LegoLEGO is of course known worldwide, and even in an age of iPads it is the number one toy among children today. Children (and adults!) learn so many important skills through playing with LEGO and DUPLO bricks that it’s no wonder they are a favourite with speech and language therapists, and the C&D team is no exception.

The colourful, interlocking bricks (both regular LEGO and the larger size DUPLO for younger builders) are already used within many schools and among therapists as part of LEGO Therapy, an intervention that is used to help children with their social communication and language development.

Here are just a few other ways we use LEGO and DUPLO as part of our speech and language sessions:

  • Colour and shape matching: Colours and shapes are important language concepts. We use them to describe so many things in our world and often categorise many things according to one or the other (or both). You can start by doing basic matching, sorting the bricks into colours or shapes, and then progress to identifying them – “let’s build a red tower” “put a square one on top”
  • Choosing: So many of our early speech therapy targets are choosing or requesting; it is a vital skill in communication. Whether verbal (“red/yellow rectangle please”) or non-verbal (looking, pointing, reaching, picture exchange) LEGO and DUPLO are great for offering choices.
  • Listening and following instructions: For little ones this could be learning to follow early language instructions such as “give the red Lego to teddy”. For older children and teens it can be to listen to more complex instructions as you read from the LEGO instruction manual: “now you need to turn the model over and put the yellow square piece at the end of the grey rectangle”

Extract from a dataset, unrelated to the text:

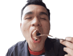 a man is eating a piece of meat with a spoon .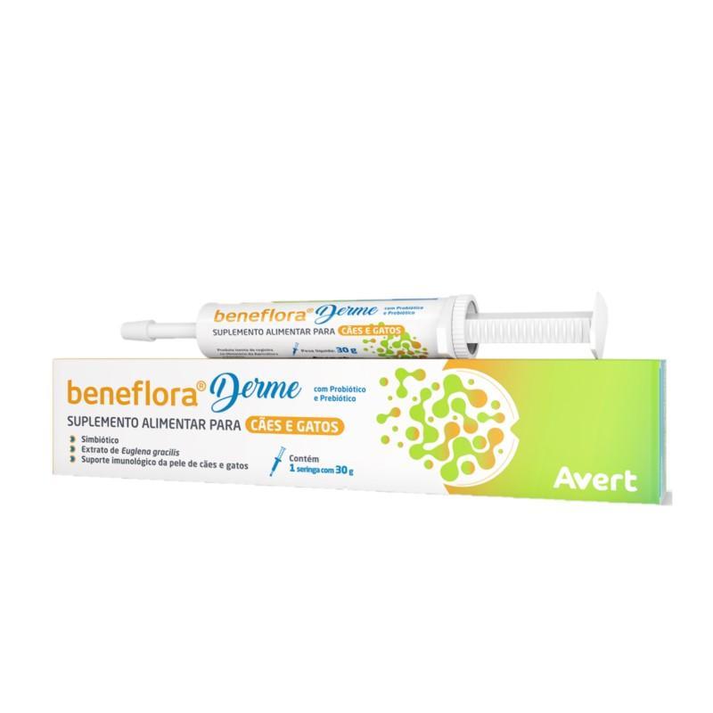 Beneflora Derme É Um Suplemento Alimentar Composto Por Extrato De Euglena Gracilis, Indicado Para O Suporte Imunológico Da Pele De Cães E Gatos, Associado Com Probióticos Que Auxiliam No Equilíbrio Da Microbiota Intestinal.

  • Prepositions: Of course, this can be done is many ways, either through hiding pieces (“look under the bed”, “where is the blue piece?”) or while building (“put a red one on top of the tall tower”). You could even make items out of LEGO, such as a bridge or a table, and use them to practice prepositions (“the man is walking under the bridge”)
  • Sequencing: The first steps in sequencing our language is sequencing patterns. Just as children can practise copying bead threading patterns, they can copy LEGO colour or shape patterns!

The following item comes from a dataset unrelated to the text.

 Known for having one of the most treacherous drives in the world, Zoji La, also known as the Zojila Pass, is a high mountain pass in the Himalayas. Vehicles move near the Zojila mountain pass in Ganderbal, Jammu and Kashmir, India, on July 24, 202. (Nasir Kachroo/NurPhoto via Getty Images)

  • Sentence structure: Some children have difficulty in putting words into sentences, we often use LEGO as part of our Colourful Semantics activities, matching a particular colour of LEGO brick for each word type [noun, verb, preposition etc]. Just stick your word or picture on the LEGO bricks, mix them up and see if your child can build them into a sentence!
  • Speech Targets: You can put your bricks to use for many speech sound games: To start, just stick your target sound (or sounds) on lots of bricks and each time they add a brick to the tower, they say the sound. Move them onto blending sounds by putting a vowel on every other brick so they say “t-ee, t-oo, t-eye…” as they build. Once they have moved onto whole words, a picture of the word can be placed onto the LEGO brick to see how many words they can say and how high the tower can go!

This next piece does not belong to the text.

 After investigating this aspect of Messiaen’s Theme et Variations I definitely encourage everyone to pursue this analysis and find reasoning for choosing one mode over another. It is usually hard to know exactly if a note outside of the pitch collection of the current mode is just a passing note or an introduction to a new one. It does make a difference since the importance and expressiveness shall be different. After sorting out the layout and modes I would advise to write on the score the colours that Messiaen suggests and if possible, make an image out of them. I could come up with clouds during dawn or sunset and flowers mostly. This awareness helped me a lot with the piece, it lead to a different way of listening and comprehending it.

  • Phonological Awareness: We use LEGO and DUPLO for lots of sound awareness goals: Try syllable awareness practice by choosing the number of bricks to match the number of syllables heard in a word. Or say a word, for example “car” – is the ‘c’ sound at the start or end of the word? Stick your ‘c’ picture on the first/last brick in the row. Even simple sound discrimination can be targeted, just put a pile of bricks with a sign for ‘t’ and a pile with a ‘c/k’ sign. Then your child chooses from the pile with the sound they hear (car – the ‘c’ pile, tar – the ‘t’ pile)
  • Taking turns: Taking turns to build a tower or a model not only helps young children learn to wait, but also to learn to tolerate and accept what the other person has chosen to add! Older children can follow the idea of LEGO Therapy and work in teams to take turns being builder, supplier and instructor.